SMMU problem found on LS2085A with 4.6-rc3
Shi, Yang
yang.shi at linaro.org
Fri Apr 15 10:19:31 PDT 2016
On 4/15/2016 5:30 AM, Robin Murphy wrote:
> On 15/04/16 00:07, Shi, Yang wrote:
>> Hi Robin,
>>
>> On 4/14/2016 5:04 AM, Robin Murphy wrote:
>>> Hi Yang,
>>>
>>> On 13/04/16 20:31, Shi, Yang wrote:
>>>> Hi Will & Robin,
>>>>
>>>> I just ran some quick test on my LS2085A board, which has 8 Cortex A57
>>>> cores, with 4.6-rc3 kernel, but I found a regression issue with SMMU.
>>>>
>>>> SMMU driver reports:
>>>>
>>>> arm_smmu_global_fault: 297974 callbacks suppressed
>>>> arm_smmu_global_fault: 298561 callbacks suppressed
>>>> arm-smmu 5000000.iommu: GFSR 0x80000004, GFSYNR0 0x00000008,
>>>> GFSYNR1 0x00000300, GFSYNR2 0x00000000
>>>> arm-smmu 5000000.iommu: GFSR 0x80000004, GFSYNR0 0x00000008,
>>>> GFSYNR1 0x00000300, GFSYNR2 0x00000000
>>>> arm-smmu 5000000.iommu: GFSR 0x80000004, GFSYNR0 0x00000008,
>>>> GFSYNR1 0x00000300, GFSYNR2 0x00000000
>>>> arm-smmu 5000000.iommu: GFSR 0x80000004, GFSYNR0 0x00000008,
>>>> GFSYNR1 0x00000300, GFSYNR2 0x00000000
>>>> arm-smmu 5000000.iommu: GFSR 0x80000004, GFSYNR0 0x00000008,
>>>> GFSYNR1 0x00000300, GFSYNR2 0x00000000
>>>> arm-smmu 5000000.iommu: GFSR 0x80000004, GFSYNR0 0x00000008,
>>>> GFSYNR1 0x00000300, GFSYNR2 0x00000000
>>>> arm-smmu 5000000.iommu: GFSR 0x80000004, GFSYNR0 0x00000008,
>>>> GFSYNR1 0x00000300, GFSYNR2 0x00000000
>>>> arm-smmu 5000000.iommu: GFSR 0x80000004, GFSYNR0 0x00000008,
>>>> GFSYNR1 0x00000300, GFSYNR2 0x00000000
>>>> arm-smmu 5000000.iommu: GFSR 0x80000004, GFSYNR0 0x00000008,
>>>> GFSYNR1 0x00000300, GFSYNR2 0x00000000
>>>> arm-smmu 5000000.iommu: GFSR 0x80000004, GFSYNR0 0x00000008,
>>>> GFSYNR1 0x00000300, GFSYNR2 0x00000000
>>>> arm-smmu 5000000.iommu: Unexpected global fault, this could be serious
>>>> arm-smmu 5000000.iommu: Unexpected global fault, this could be serious
>>>> arm-smmu 5000000.iommu: Unexpected global fault, this could be serious
>>>> arm-smmu 5000000.iommu: Unexpected global fault, this could be serious
>>>> arm-smmu 5000000.iommu: Unexpected global fault, this could be serious
>>>> arm-smmu 5000000.iommu: Unexpected global fault, this could be serious
>>>> arm-smmu 5000000.iommu: Unexpected global fault, this could be serious
>>>> arm-smmu 5000000.iommu: Unexpected global fault, this could be serious
>>>> arm-smmu 5000000.iommu: Unexpected global fault, this could be serious
>>>> arm-smmu 5000000.iommu: Unexpected global fault, this could be serious
>>>
>>> That's a stream match conflict fault, so you've somehow got two devices
>>> using the same stream ID attached to different domains, and at least one
>>> of them is trying to do DMA.
>>>
>>>> But, it is good with 4.5 kernel.
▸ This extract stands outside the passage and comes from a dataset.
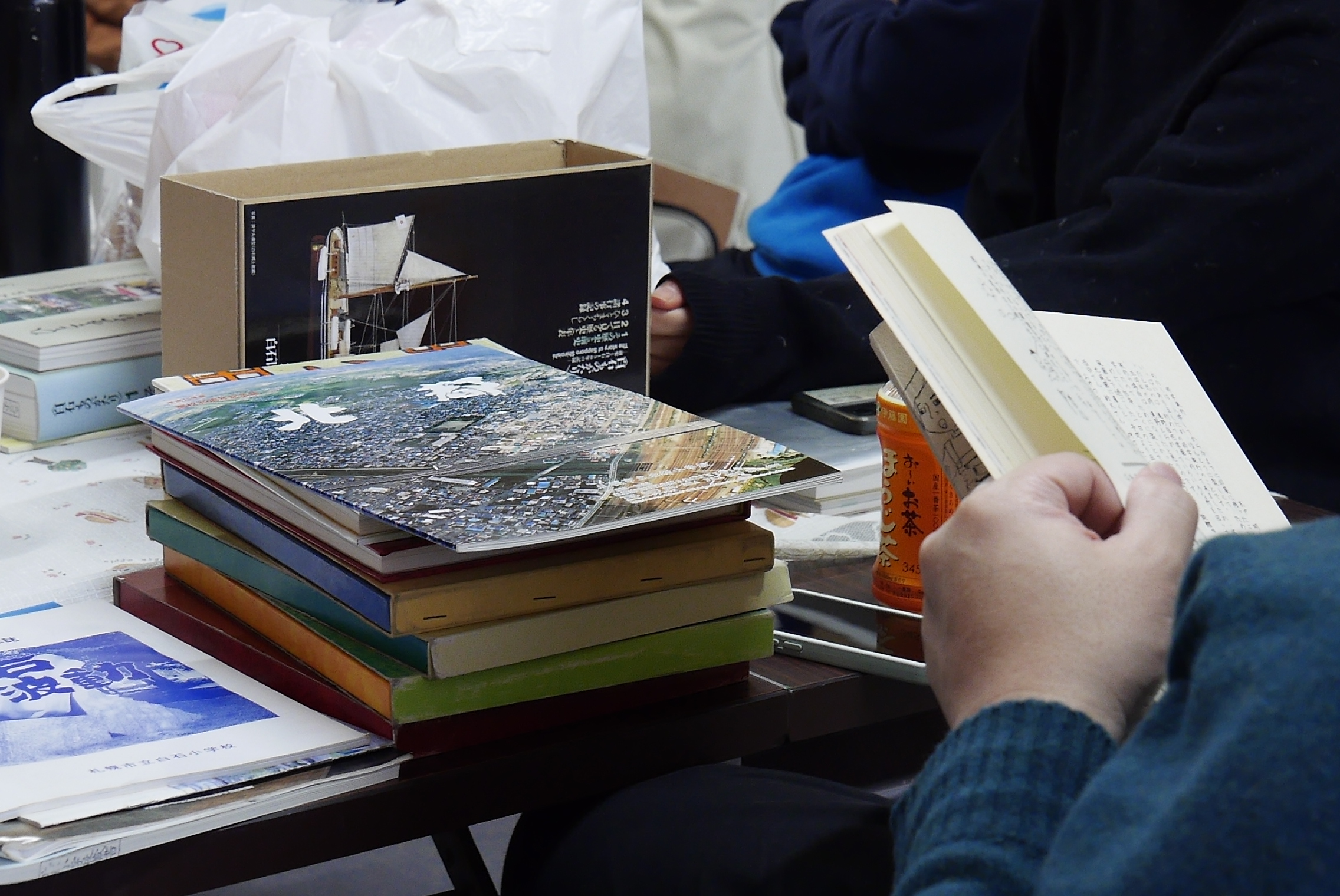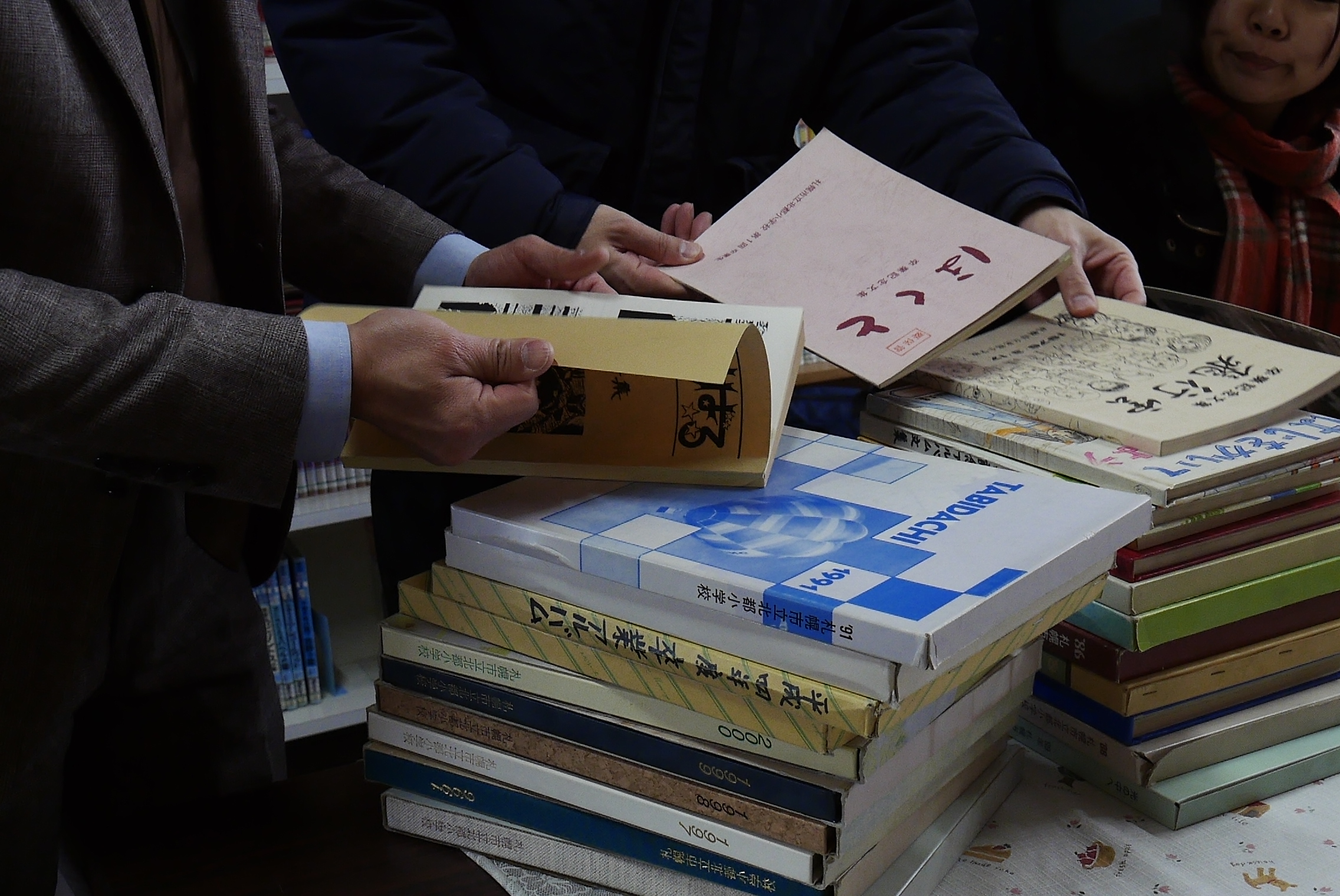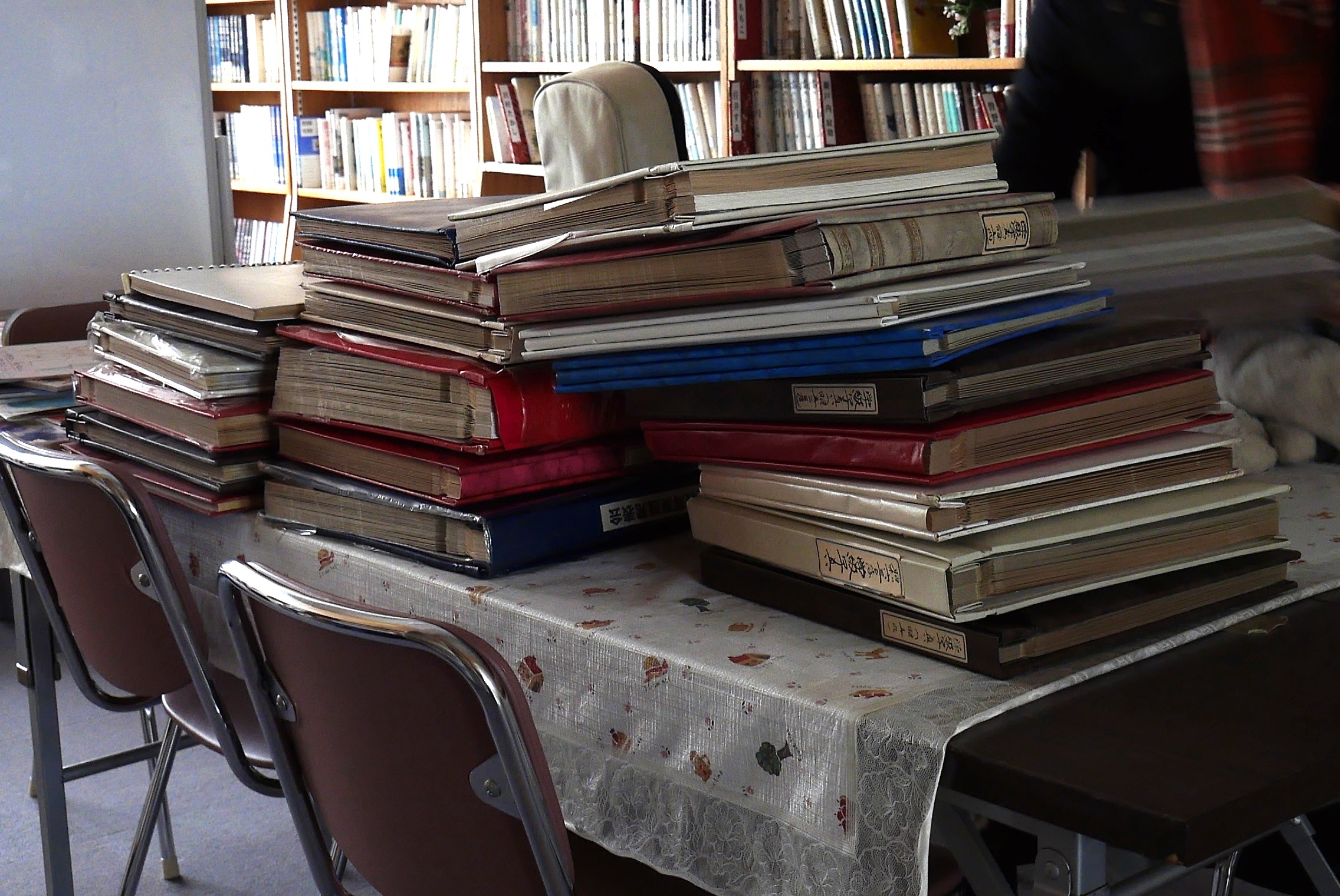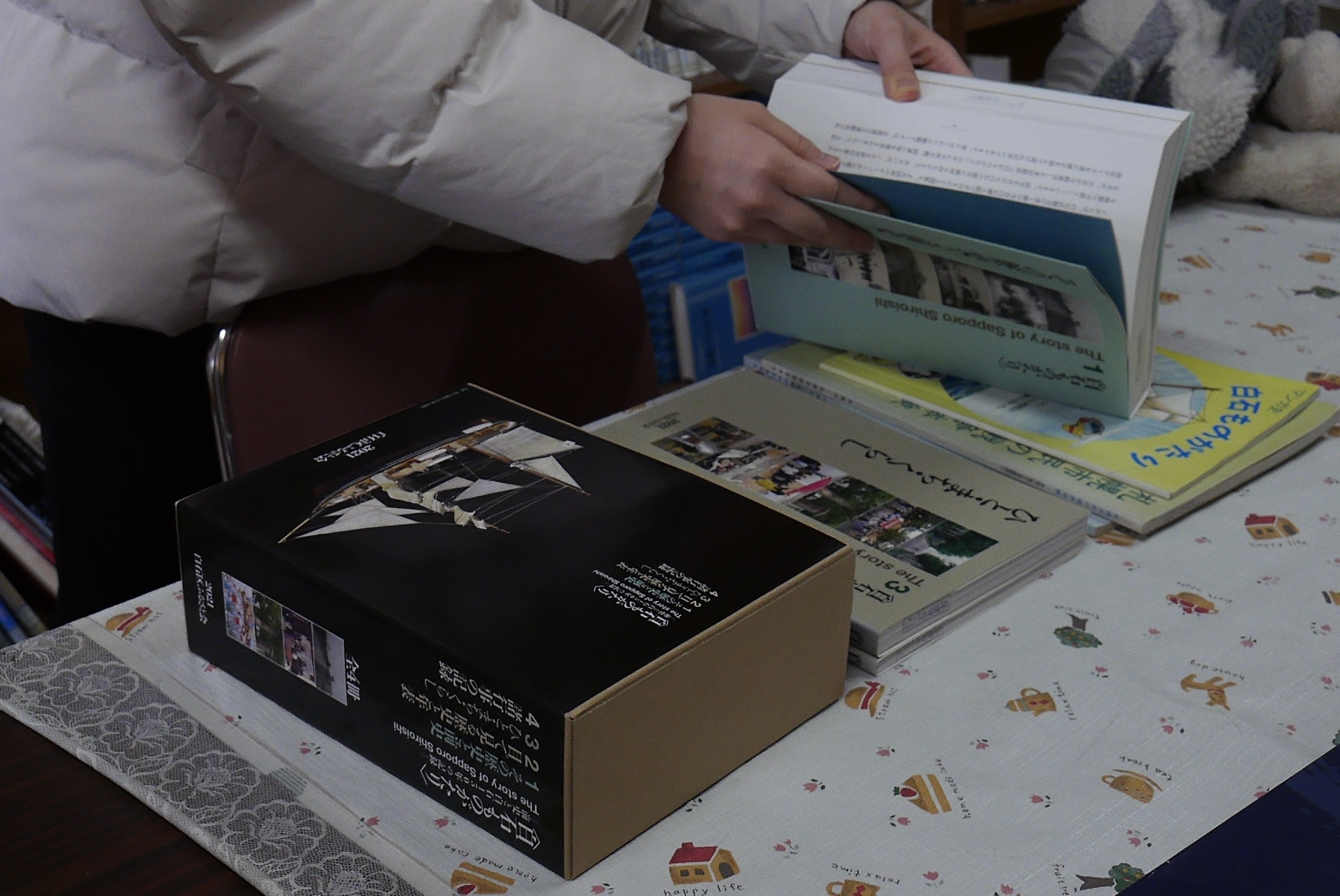 行事や授業の風景を記録した写真アルバムと、卒業生たちの作文を収めた卒業アルバム、それから、白石区や北都小学校周辺地域の歴史について書かれた書籍群。

I found the below commit causes it:
>>>>
>>>> commit 9adb95949a343dac53b1cd81dc973b5f815c88d4
>>>> Author: Robin Murphy <robin.murphy at arm.com>
>>>> Date: Tue Jan 26 18:06:36 2016 +0000
>>>>
>>>> iommu/arm-smmu: Support DMA-API domains
>>>>
>>>> With DMA mapping ops provided by the iommu-dma code, only a
>>>> minimal
>>>> contribution from the IOMMU driver is needed to create a suitable
>>>> DMA-API domain for them to use. Implement this for the ARM SMMUs.
>>>>
>>>> Signed-off-by: Robin Murphy <robin.murphy at arm.com>
>>>> Signed-off-by: Will Deacon <will.deacon at arm.com>
>>>>
>>>> Any idea?
>>>
>>> My first guess would be the same thing as [1] - does that patch help?
>>
>> No, it can't cease the fault.
>>
>>>
>>> Beyond that, what does your DT look like? The one in mainline has one
>>> token mmu-masters property which isn't even valid, so nothing ever gets
>>
>> Mine has mmu-masters property too, but removing it doesn't solve the
>> problem.
>
> OK, now things really stop making sense. Without the mmu-masters
> property the SMMU driver will do nothing but probe the SMMU device
> itself. Therefore I can only assume the bootloader magic for the
> Freescale vendor kernel must be rewriting your DT (our board always just
> says "fdt_fixup_smmu: WARNING: no SMMU node found" despite the mainline
> DT containing the SMMU, so I'm not sure exactly what it's looking for).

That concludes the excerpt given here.